Ctrl+P: Photography Taken Offline – Joshua Dudley Greer

Our latest installment of Ctrl+P features the work of Joshua Dudley Greer. Greer uses a view camera to photograph the ruins of a once monumental military-industrial complex as it recedes into the surrounding landscape of forest and swamps. Greer (b.1980) received his BFA from the Maryland Institute College of Art in 2002 and his MFA, with distinction, from the University of Georgia in 2009. His photographs have appeared in The Collector’s Guide to New Art Photography Volume 2, Flash Forward 2010, Smithsonian Magazine and Le Monde. He has received grants from the Maryland State Arts Council, Tennessee Arts Commission and in 2012 was named one of the New Superstars of Southern Art by Oxford American.

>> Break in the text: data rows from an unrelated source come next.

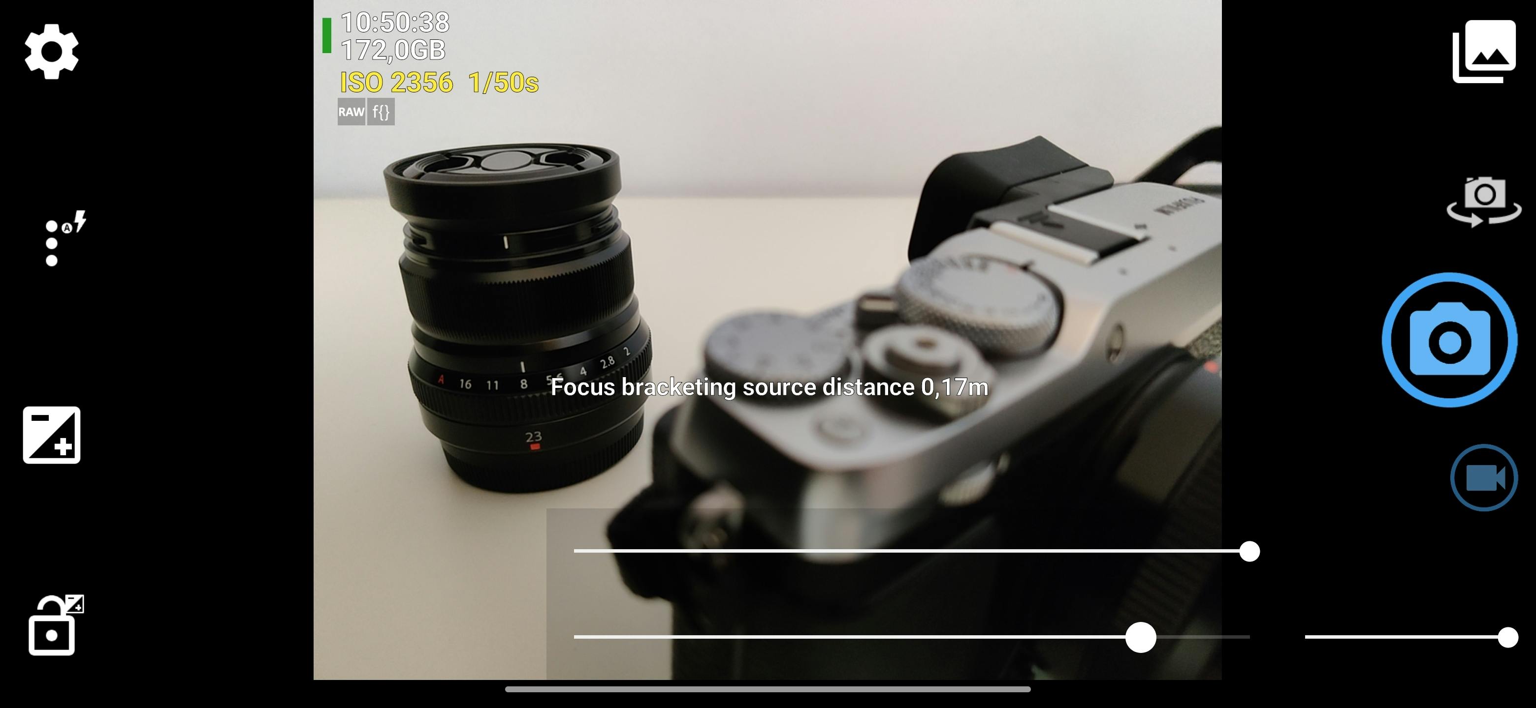 Zodra je op de blauwe cameraknop tikt, maakt de app drie foto’s waarbij de scherpte automatisch opschuift van het begin- naar het eindpunt. Dit is onder meer erg bruikbaar bij close-ups of macrofoto’s, waarbij scherpstellen altijd erg lastig is. Je stelt dan bijvoorbeeld scherp op de voor- en achterzijde van een bloem of paddenstoel en kijkt achteraf wat de beste foto is. Of je voegt ze weer samen in een fotobewerker om alsnog het volledige onderwerp scherp te krijgen. Ook leuk, zo maak je een foto waarop de achtergrond een beetje wazig is en krijg je er meteen ook eentje met een onscherpe voorgrond. Let er wel op dat je de telefoon hiervoor moet neerzetten, uit de hand lukt dit niet.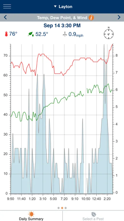 • Graphs that display the history of pest-specific degree days for up to 3 months.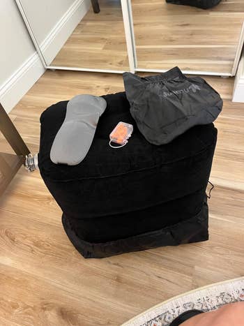 We hope you love our recommendations! While every product is independently chosen by our editors, BuzzFeed and our publishing partners may collect a share of sales or other compensation from the links on this page. You can read more about how our affiliate partnerships work in our Editorial Standards & Ethics Guide. This inflatable foot rest, phone mount, and drink caddy are bringing business-class vibes to your economy seat. This contraption provides 360-degree support thanks to a wraparound design and clips that connect it to your seat's headrest. Promising review: "Just took a 15-hour flight with this travel pillow, and this was the best travel pillow by far. I've used inflatable and memory foam neck pillows before; the major problem is that they don't secure your head and torso, so either your muscles have to hold up your body, or your head and torso will end up swinging around, and both are disruptive to sleep. With this travel pillow, my muscles can relax, and the padded eye mask will hold up my head and torso. One minor downside is that the pillow needs to be mounted on your seat's headrest; if someone bumps your seat, it can be disruptive, but this rarely happens. Its size and weight are also much less than memory foam neck pillows, and I don't have to bring an extra eye mask, so it is very travel-friendly." —Sky Get it from Amazon for $18.99+ (available in nine colors). Check out a TikTok of the nausea relief inhaler in action. PS: Allclair is a small biz! Promising review: "Took this on my first cruise. Anytime that I started to feel woozy, I’d reach for it. I’m sure the required act of deep breathing helped a lot — and breathing in the fragrance of the essential oil is very calming and effective. Worked for me! Wonderful!" —Willy&Lilly Get a pack of two from Amazon for $12.99 (also available in a pack of four). Promising review: "I ordered these earplugs for a long plane trip to another country. The earplugs did the job. They were extremely useful in drowning out most of the noise. I wanted to hear a little for announcements. These did the job. They gave me enough silence to get some sleep but I could hear enough sound to take them out during announcements. If you are looking for earplugs that allow you enough quiet to sleep, these are the earplugs to purchase. They are worth the purchase." —Khitkhat Get it from Amazon for $24.95 (available in four colors). Promising reviews: "Took my toddler on an international 17+ hour trip and I must say this was a great addition for him and me. He had a mini 1st class flight and occasionally I also was able to leverage it to put my feet up." —Nicole Ashley "Must have for long flights. My 1.5-year-old slept well on this inflatable airplane bed on an international flight. It fit nicely on the economy seat and was sturdy yet comfortable. My toddler slept for hours on it so I could get some rest too. I also like that it’s easy to set up and when packed up it is very compact so won’t take up much space in my carry on luggage." —Amy Get it from Amazon for $59.99 (available in two colors and two styles). Read more about compression socks and long flights at Cleveland Clinic. Promising review: "Nice socks! I purchased these for an overseas trip. I like the feel of them. The fabric is nice and soft, not too thick or thin. The socks are a good length for me and I like the color. The socks come with instructions of how to put on / take off. Also, directions on how to 'acclimate' to them by wearing them for shorter periods of time. They are very comfortable/supportive, stay in place while walking around and hug the right places (calves and foot arch). They also came with a little travel pouch, which is helpful for my upcoming travels. I definitely recommend these compression socks." —L. Alexander Get a set from Amazon for $19.99 (available in eight color combos and sizes S–XXL). Promising review: "I love this thing! I always hated putting things in the seat pocket on planes. It was easy for things to get lost in there or sometimes the pockets were pretty tight. This thing was amazing. I was able to get everything out of my bag that I might need during the flight and had easy access to it all. It was so much better than having to pull my bag out constantly to get stuff I needed. It also folds up nicely so it doesn’t take up much space in your bag." —Corey AND it folds down flat when not in use for easy packing. Just note you'll need to be sitting in the window seat and have full access to the window to use this. Promising reviews: "A friend recommended this to me as a vital travel companion, now that I've returned to frequent flying. I initially thought of it as a novelty, but now that I've used it, it's a necessity. It keeps the workspace clear for my laptop, but it also organizes all the little pieces that can become so annoying to keep up with — glasses, earphones, etc. It got my seat mate's immediate attention, as well as a few other folks nearby. I suspect they'll have one soon. Watch for one soon in a window near you!" —Timothy G. Wolfe "This is a very useful product and I take it with me on all my flights. Almost every time, the person next to me asks about it. It's especially useful on long-haul flights and international flights when you want that space the tray table takes up. It's light and thin, so takes up little room in my carry-on. Great accessory overall!" —Trung L. Perilogics is a small business creating hyper-functional tool holsters and bags for carrying your stuff on the go. Promising review: "I bought this nifty gadget about six months ago for a multi-leg, ultra-long-haul trip, and it more than held up the entire duration. I was able to finagle it to fit the tray tables on different planes, and like others, I find the height just nice when clamped onto a stowed tray table. It also works on my roller carry-on handle during layovers. However, I find myself using it a lot outside of travel too! Work-wi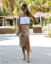 Dress up for your resy in the Always Opulent Satin Midi Skirt in gold that features a sultry slit.Styled with: Good A Gold Clutch and Camilla Top.

He is currently living in Johnson City, Tennessee where he is a visiting assistant professor of photography at East Tennessee State University.

TNT Storage Igloo S7-G, Point Pleasant, West Virginia, 2010 Storage Igloo S7-G, Point Pleasant, West Virginia , 2010
TNT Storage Igloo S4-A, Point Pleasant, West Virginia , 2009
http://edelmangallery.com/exhibitions-and-projects/exhibition-pages/2013/jashua-dudley-greer.html?id=1456
TNT Storage Igloo S7-B, Point Pleasant, West Virginia, 2012

Point Pleasant
The West Virginia Ordnance Works (WVOW) was an explosives manufacturing facility constructed during World War II just outside Point Pleasant, West Virginia. Occupying 8,000 acres along the eastern bank of the Ohio River, the WVOW was built specifically for the production and storage of trinitrotoluene (TNT). At its peak, nearly 500,000 pounds of TNT were produced here each day and stored in a massive array of concrete igloos. The site was officially declared surplus and closed in 1945, after which time much of the land was deeded to the state of West Virginia for the creation of the McClintic State Wildlife Management Area.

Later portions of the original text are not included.